◆ What to do ◆
Retype every entry below without pictures.
Supplied material START
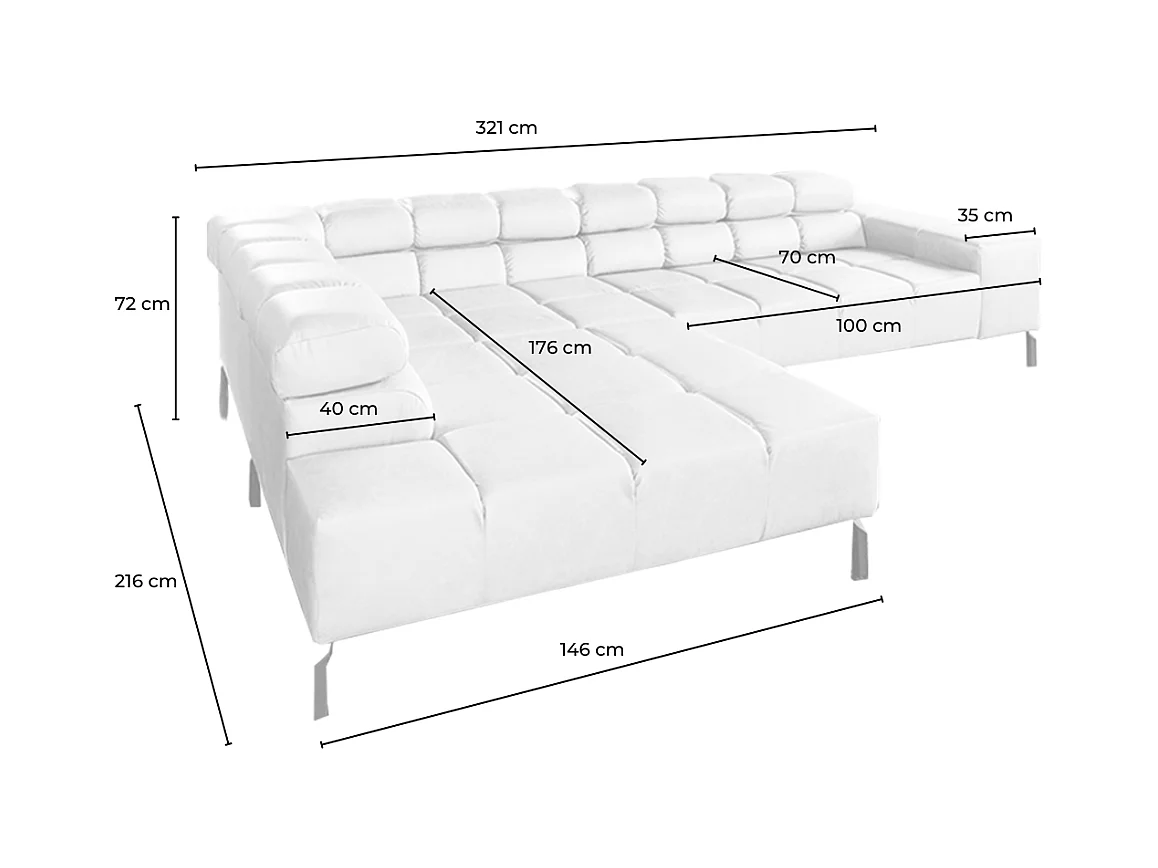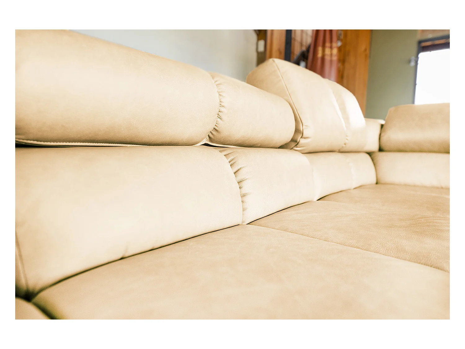 Canapé d'Angle à droite Moderne en Cuir Réglable au Niveau des Appuis-Tête et Accoudoirs 4 Places Gris Clair Taupe Farila
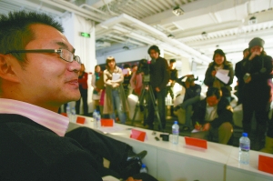 昨日,“山寨春晚”舉行媒體通氣會,發(fā)起人老孟接受采訪。記者 孫純霞 攝
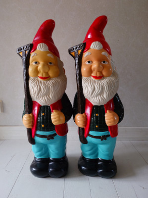 Veljekset kuin ilvekset, tai ainakin kaksoset. Nämä isot keraamiset tontut ovat 1990-luvulta Tiimarin mallistoa. Sopivat koristeeksi sisälle tai miksei ulos terassille sateensuojaan. Maalit eivät ehkä kestä taivasalla olemista.
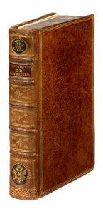 Abrégé de l'arithmétique et de la géométrie de l'officier. Paris, Alexandre Jombert, 1767. In-12, veau écaille, triple filet doré, dos orné, chiffre et armoiries dorées et mosaïquées, tranches marbrées (Reliure de l'époque). Quatrième édition, revue et corrigée, illustrée de 19 planches gravées sur cuivre par Le Parmentier, repliées en fin de volume.
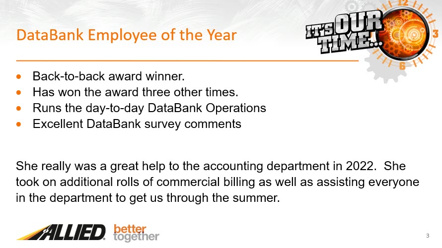 I cannot emphasize enough what a tremendous job the accounting department did in 2022. With Laurie Gomez and Mike Callahan leaving the department in June, it put an unbelievable stress on the department. But, they worked together as a team and got the work done.
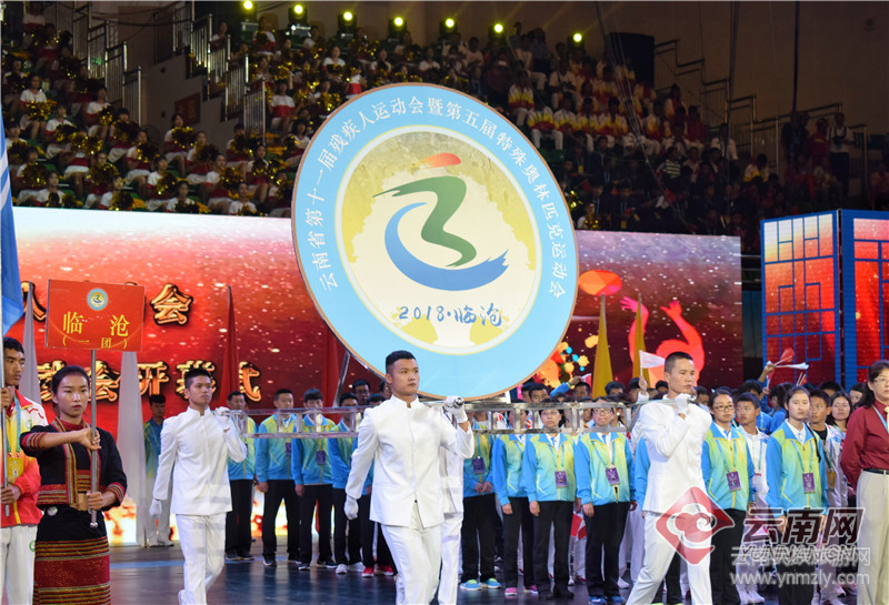 開幕式上,伴隨著雄勁剛健的運(yùn)動(dòng)員進(jìn)行曲,參賽代表隊(duì)的運(yùn)動(dòng)員們昂首闊步,以精神飽滿的狀態(tài)步入會(huì)場(chǎng)。據(jù)介紹,本屆殘運(yùn)會(huì)共設(shè)田徑、游泳、舉重、乒乓球、羽毛球、板鈴球、籃球、足球等8個(gè)大項(xiàng)308個(gè)小項(xiàng),預(yù)計(jì)將產(chǎn)生324枚金牌。本屆殘運(yùn)會(huì)有來(lái)自云南省各州市、華夏中專和臨滄市二團(tuán)共18個(gè)代表團(tuán)960名運(yùn)動(dòng)員參賽。近3000名運(yùn)動(dòng)員、教練員、裁判員和工作人員匯聚臨滄,參賽人數(shù)和賽會(huì)規(guī)模是歷屆省殘運(yùn)會(huì)之最。
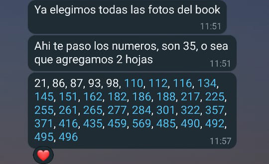 3 – La única forma de pasarnos esa selección de fotos, es por whatsapp y con los códigos de las fotos. Todas las fotos tienen un código entre parentesis. Les dejamos un ejemplo:
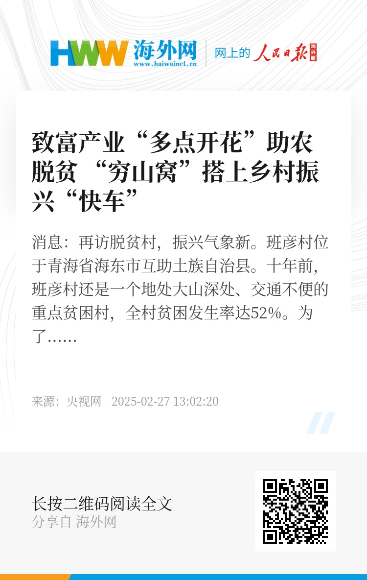 央视网消息:再访脱贫村,振兴气象新。班彦村位于青海省海东市互助土族自治县。十年前,班彦村还是一个地处大山深处、交通不便的重点贫困村,全村贫困发生率达52%。为了让村民走出“穷山窝”,2017年,班彦村完成了易地扶贫搬迁,之后因地制宜发展土族盘绣、绿色光伏等多个特色产业。2021年,班彦村获得“全国脱贫攻坚楷模”荣誉称号。如今,这里的村民们过得怎么样?
Supplied material END
◆ Answer to the problem ◆
 Canapé d'Angle à droite Moderne en Cuir Réglable au Niveau des Appuis-Tête et Accoudoirs 4 Places Gris Clair Taupe Farila
 昨日,“山寨春晚”舉行媒體通氣會,發(fā)起人老孟接受采訪。記者 孫純霞 攝
 Veljekset kuin ilvekset, tai ainakin kaksoset. Nämä isot keraamiset tontut ovat 1990-luvulta Tiimarin mallistoa. Sopivat koristeeksi sisälle tai miksei ulos terassille sateensuojaan. Maalit eivät ehkä kestä taivasalla olemista.
 Abrégé de l'arithmétique et de la géométrie de l'officier. Paris, Alexandre Jombert, 1767. In-12, veau écaille, triple filet doré, dos orné, chiffre et armoiries dorées et mosaïquées, tranches marbrées (Reliure de l'époque). Quatrième édition, revue et corrigée, illustrée de 19 planches gravées sur cuivre par Le Parmentier, repliées en fin de volume.
 I cannot emphasize enough what a tremendous job the accounting department did in 2022. With Laurie Gomez and Mike Callahan leaving the department in June, it put an unbelievable stress on the department. But, they worked together as a team and got the work done.
 開幕式上,伴隨著雄勁剛健的運(yùn)動(dòng)員進(jìn)行曲,參賽代表隊(duì)的運(yùn)動(dòng)員們昂首闊步,以精神飽滿的狀態(tài)步入會(huì)場(chǎng)。據(jù)介紹,本屆殘運(yùn)會(huì)共設(shè)田徑、游泳、舉重、乒乓球、羽毛球、板鈴球、籃球、足球等8個(gè)大項(xiàng)308個(gè)小項(xiàng),預(yù)計(jì)將產(chǎn)生324枚金牌。本屆殘運(yùn)會(huì)有來(lái)自云南省各州市、華夏中專和臨滄市二團(tuán)共18個(gè)代表團(tuán)960名運(yùn)動(dòng)員參賽。近3000名運(yùn)動(dòng)員、教練員、裁判員和工作人員匯聚臨滄,參賽人數(shù)和賽會(huì)規(guī)模是歷屆省殘運(yùn)會(huì)之最。
 3 – La única forma de pasarnos esa selección de fotos, es por whatsapp y con los códigos de las fotos. Todas las fotos tienen un código entre parentesis. Les dejamos un ejemplo:
 央视网消息:再访脱贫村,振兴气象新。班彦村位于青海省海东市互助土族自治县。十年前,班彦村还是一个地处大山深处、交通不便的重点贫困村,全村贫困发生率达52%。为了让村民走出“穷山窝”,2017年,班彦村完成了易地扶贫搬迁,之后因地制宜发展土族盘绣、绿色光伏等多个特色产业。2021年,班彦村获得“全国脱贫攻坚楷模”荣誉称号。如今,这里的村民们过得怎么样?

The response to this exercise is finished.